**Task instructions**
From the first line to the last, transcribe the data exactly and skip the pictures.

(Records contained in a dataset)
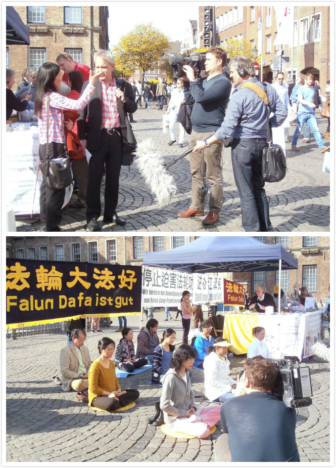 下午,西部德国电视台的记者组专程来到法轮功学员的集会现场,对法轮功学员的整个和平集会现场,包括功法展示、征集签名和学员演讲等做了全面的电视采访。之后还对法轮功学员拉尔夫·格罗诺先生和徐沛女士分别做了电视采访。有关电视采访报道已于二十九日当天晚间在WDR北威州地方频道,习近平访问杜赛尔多夫专题下播出,在这个三分钟的电视报道中,有关法轮功学员集会的报道占时近一分钟。
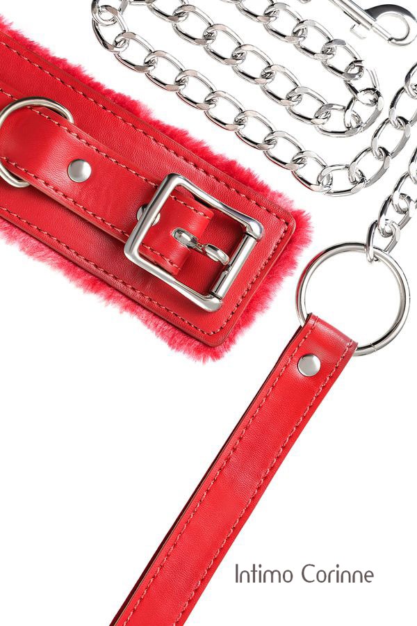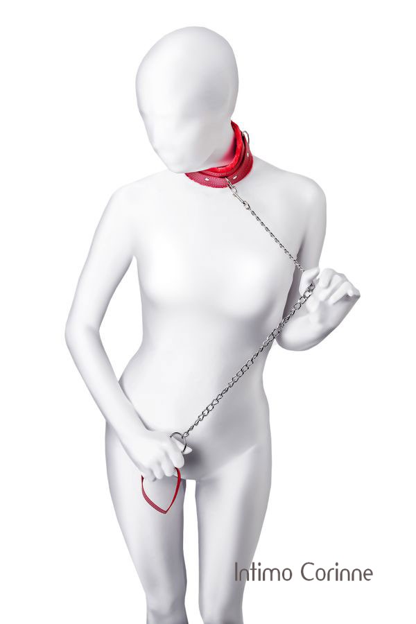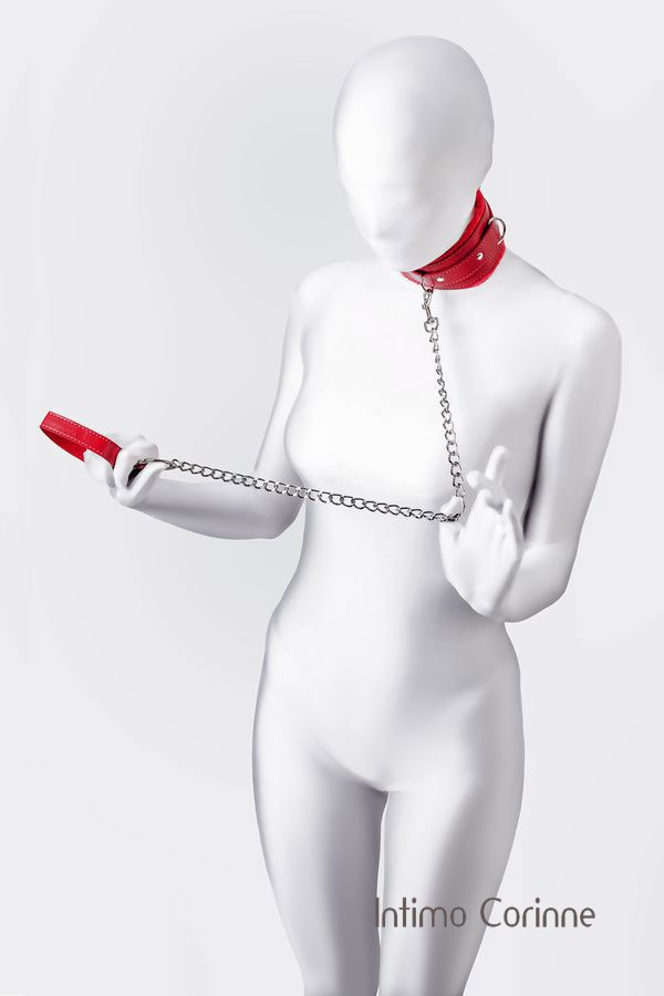 La larghezza del colletto è di 4,5 cm, la lunghezza della catena con un moschettone è di 50 cm. La dimensione è universale e regolabile tramite fibbia. Uno degli attributi principali del BDSM.
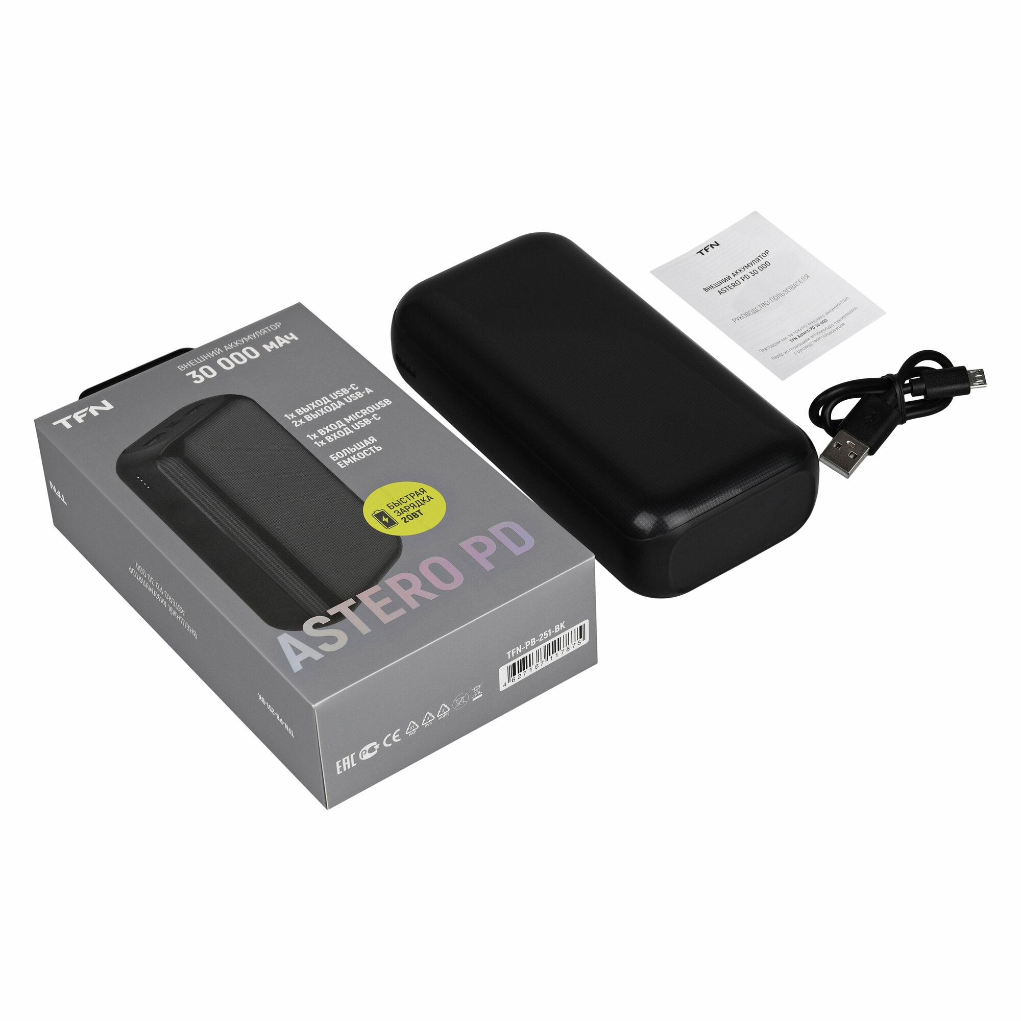 Внешний аккумулятор TFN 30.000 мач Astero 30 PD черный (TFNTFN-PB-251-BK)
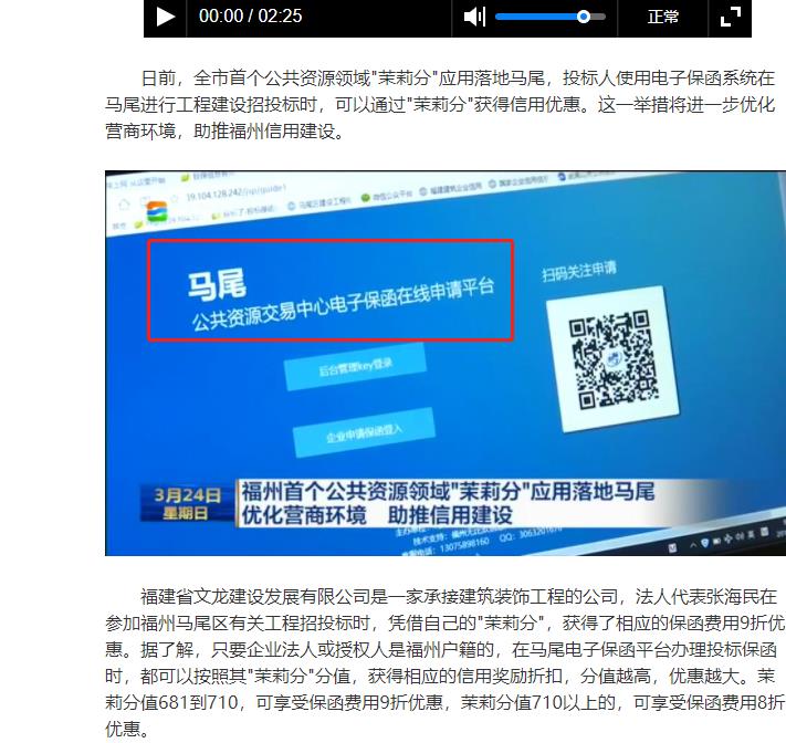 近日,投標(biāo)了電子保函平臺(tái)在福州市大數(shù)據(jù)委的大力支持下,應(yīng)用茉莉分為辦理保函的用戶提供信用優(yōu)惠措施獲得社會(huì)的廣泛關(guān)注,相關(guān)媒體給予了積極的報(bào)道,以下是相關(guān)報(bào)道簡(jiǎn)圖。
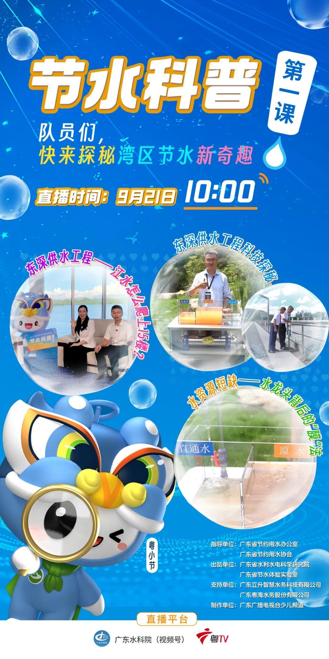 本次直播课上,节水专家、中小学生代表和广东节水形象代言人粤小节将带领观众,聊聊东深供水历史与新科技、去深圳水库了解生物硝化工程的意义与科研攻关,去立升博罗县水站认识超滤膜科技。
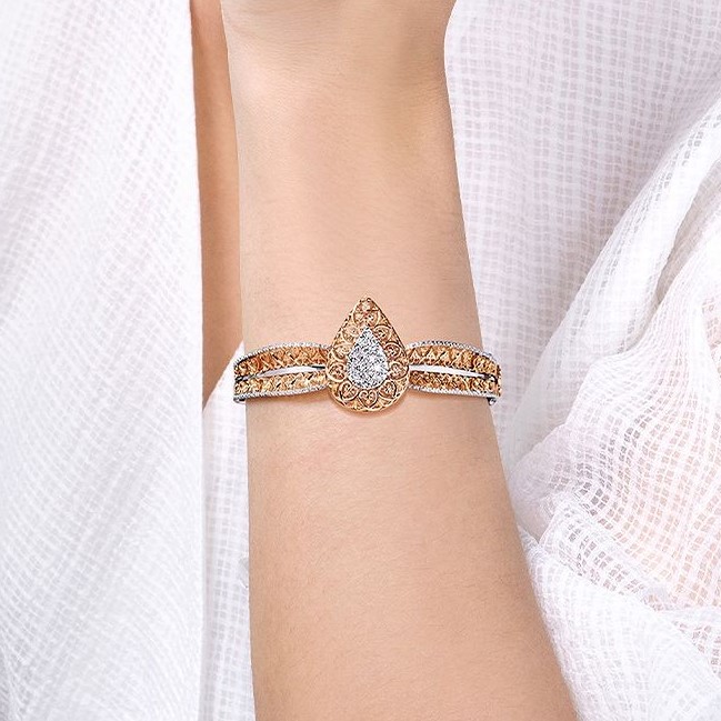Keindahan dari budaya Indonesia terpancar begitu indah dari gelang emas berhiaskan berlian ini. Anda pun dapat tampil memukau di setiap kesempatan.
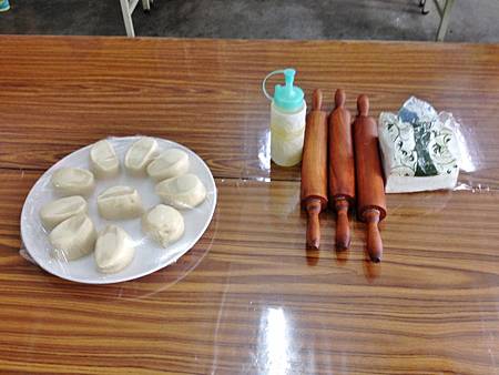 桌上的是今天蔥餅DIY的材料,麵糰/桿麵棍/蔥/油
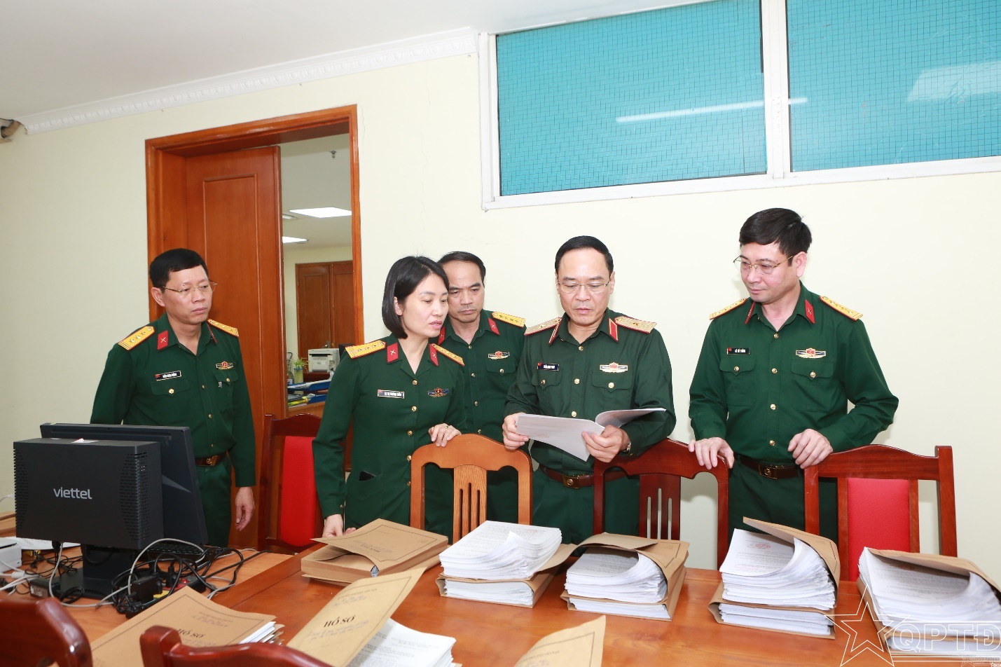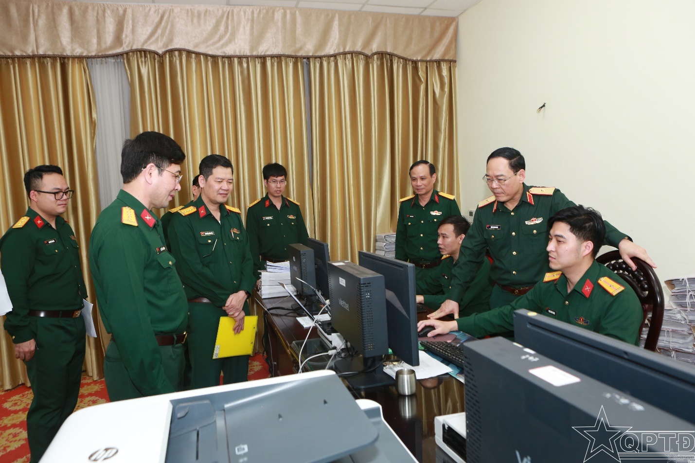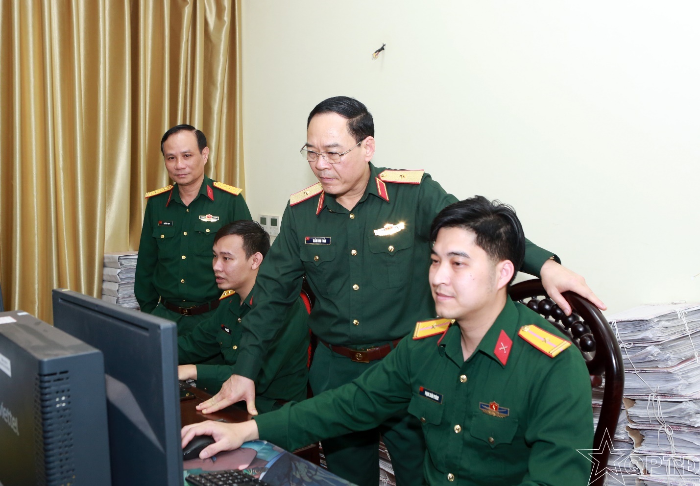 QPTĐ-Chiều 31-3, Đoàn Công tác do Thiếu tướng Trần Minh Toản, Phó Tư lệnh Bộ Tư lệnh Thủ đô Hà Nội làm Trưởng đoàn đã kiểm tra công tác số hoá hồ sơ của Bộ Tham mưu và Cục Chính trị.
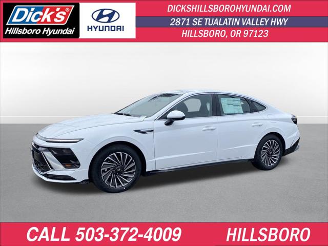 2024 Hyundai Sonata Hybrid SEL Serenity White FWD I4 6-Speed Automatic with ShiftronicI4, 17 x 7.0J Aluminum Alloy Wheels, 4-Wheel Disc Brakes, 6 Speakers, ABS brakes, Air Conditioning, All-Season Fitted Liners, Alloy wheels, AM/FM radio: SiriusXM, Apple CarPlay & Android Auto, Auto High-beam Headlights, Automatic temperature control, Brake assist, Bumpers: body-color, Cargo Block, Carpeted Floor Mats, Delay-off headlights, Driver door bin, Driver vanity mirror, Dual front impact airbags, Dual front side impact airbags, Electronic Stability Control, Emergency communication system, First Aid Kit, Four wheel independent suspension, Front anti-roll bar, Front Bucket Seats, Front Center Armrest, Front dual zone A/C, Front reading lights, Fully automatic headlights, Heated door mirrors, Heated Front Bucket Seats, Heated front seats, Illuminated entry, Knee airbag, Lane Departure Warning System, Leather steering wheel, Low tire pressure warning, Occupant sensing airbag, Option Group 01, Outside temperature display, Overhead airbag, Overhead console, Panic alarm, Passenger door bin, Passenger vanity mirror, Power door mirrors, Power driver seat, Power passenger seat, Power steering, Power windows, Premium Cloth Seating Surfaces, Radio data system, Radio: AM/FM/HD/SiriusXM, Rear anti-roll bar, Rear seat center armrest, Rear side impact airbag, Rear window defroster, Remote keyless entry, Security system, Speed control, Speed-sensing steering, Speed-Sensitive Wipers, Split folding rear seat, Spoiler, Steering wheel mounted audio controls, Telescoping steering wheel, Tilt steering wheel, Traction control, Trip computer, Variably intermittent wipers, Wheel Locks, I4.44/51 City/Highway MPG
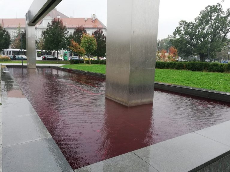 In addition to the blood red that stained the structures, both fountains bore banners with the inscription “IDET Brno” stained with blood.
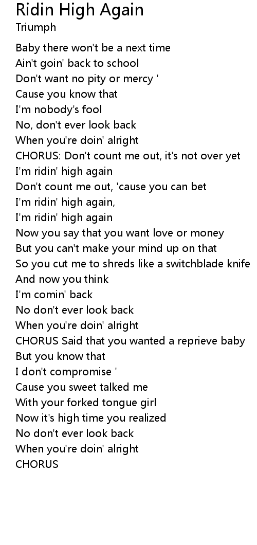 I'm ridin' high again |
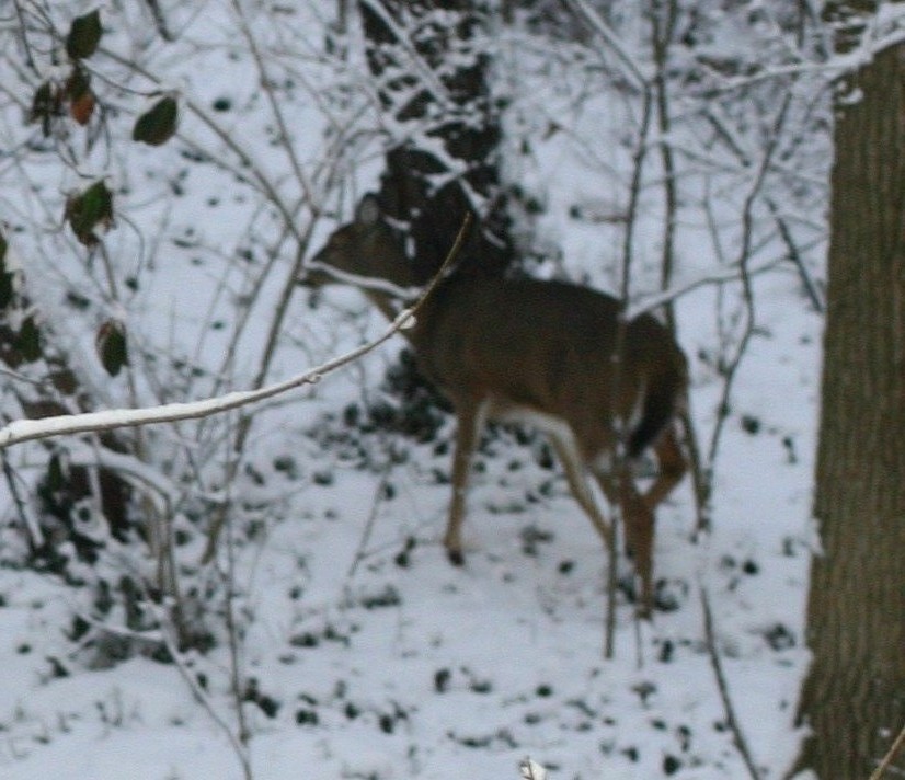 Then on Wednesday, Pete and I took our favorite snowy walk into Walhalla Ravine. We took that way to get to an oak tree on the other side of Indianola that Pete wanted to photograph to show that the stream used to be on both sides on the street. The setting was absolutely stunning, with the snow clinging to the bushes and even the smallest plants. How one small snowflake sticks to a tiny, thin twig always fascinates me. Then, as we were walking, Pete said, “Deer!” At first, I thought he was calling me (although “Dear” isn’t his most often used term of endearment

**Response box**
 下午,西部德国电视台的记者组专程来到法轮功学员的集会现场,对法轮功学员的整个和平集会现场,包括功法展示、征集签名和学员演讲等做了全面的电视采访。之后还对法轮功学员拉尔夫·格罗诺先生和徐沛女士分别做了电视采访。有关电视采访报道已于二十九日当天晚间在WDR北威州地方频道,习近平访问杜赛尔多夫专题下播出,在这个三分钟的电视报道中,有关法轮功学员集会的报道占时近一分钟。
 La larghezza del colletto è di 4,5 cm, la lunghezza della catena con un moschettone è di 50 cm. La dimensione è universale e regolabile tramite fibbia. Uno degli attributi principali del BDSM.
 Внешний аккумулятор TFN 30.000 мач Astero 30 PD черный (TFNTFN-PB-251-BK)
 近日,投標(biāo)了電子保函平臺(tái)在福州市大數(shù)據(jù)委的大力支持下,應(yīng)用茉莉分為辦理保函的用戶提供信用優(yōu)惠措施獲得社會(huì)的廣泛關(guān)注,相關(guān)媒體給予了積極的報(bào)道,以下是相關(guān)報(bào)道簡(jiǎn)圖。
 本次直播课上,节水专家、中小学生代表和广东节水形象代言人粤小节将带领观众,聊聊东深供水历史与新科技、去深圳水库了解生物硝化工程的意义与科研攻关,去立升博罗县水站认识超滤膜科技。
Keindahan dari budaya Indonesia terpancar begitu indah dari gelang emas berhiaskan berlian ini. Anda pun dapat tampil memukau di setiap kesempatan.
 桌上的是今天蔥餅DIY的材料,麵糰/桿麵棍/蔥/油
 QPTĐ-Chiều 31-3, Đoàn Công tác do Thiếu tướng Trần Minh Toản, Phó Tư lệnh Bộ Tư lệnh Thủ đô Hà Nội làm Trưởng đoàn đã kiểm tra công tác số hoá hồ sơ của Bộ Tham mưu và Cục Chính trị.
 2024 Hyundai Sonata Hybrid SEL Serenity White FWD I4 6-Speed Automatic with ShiftronicI4, 17 x 7.0J Aluminum Alloy Wheels, 4-Wheel Disc Brakes, 6 Speakers, ABS brakes, Air Conditioning, All-Season Fitted Liners, Alloy wheels, AM/FM radio: SiriusXM, Apple CarPlay & Android Auto, Auto High-beam Headlights, Automatic temperature control, Brake assist, Bumpers: body-color, Cargo Block, Carpeted Floor Mats, Delay-off headlights, Driver door bin, Driver vanity mirror, Dual front impact airbags, Dual front side impact airbags, Electronic Stability Control, Emergency communication system, First Aid Kit, Four wheel independent suspension, Front anti-roll bar, Front Bucket Seats, Front Center Armrest, Front dual zone A/C, Front reading lights, Fully automatic headlights, Heated door mirrors, Heated Front Bucket Seats, Heated front seats, Illuminated entry, Knee airbag, Lane Departure Warning System, Leather steering wheel, Low tire pressure warning, Occupant sensing airbag, Option Group 01, Outside temperature display, Overhead airbag, Overhead console, Panic alarm, Passenger door bin, Passenger vanity mirror, Power door mirrors, Power driver seat, Power passenger seat, Power steering, Power windows, Premium Cloth Seating Surfaces, Radio data system, Radio: AM/FM/HD/SiriusXM, Rear anti-roll bar, Rear seat center armrest, Rear side impact airbag, Rear window defroster, Remote keyless entry, Security system, Speed control, Speed-sensing steering, Speed-Sensitive Wipers, Split folding rear seat, Spoiler, Steering wheel mounted audio controls, Telescoping steering wheel, Tilt steering wheel, Traction control, Trip computer, Variably intermittent wipers, Wheel Locks, I4.44/51 City/Highway MPG
 In addition to the blood red that stained the structures, both fountains bore banners with the inscription “IDET Brno” stained with blood.
 I'm ridin' high again |
 Then on Wednesday, Pete and I took our favorite snowy walk into Walhalla Ravine. We took that way to get to an oak tree on the other side of Indianola that Pete wanted to photograph to show that the stream used to be on both sides on the street. The setting was absolutely stunning, with the snow clinging to the bushes and even the smallest plants. How one small snowflake sticks to a tiny, thin twig always fascinates me. Then, as we were walking, Pete said, “Deer!” At first, I thought he was calling me (although “Dear” isn’t his most often used term of endearment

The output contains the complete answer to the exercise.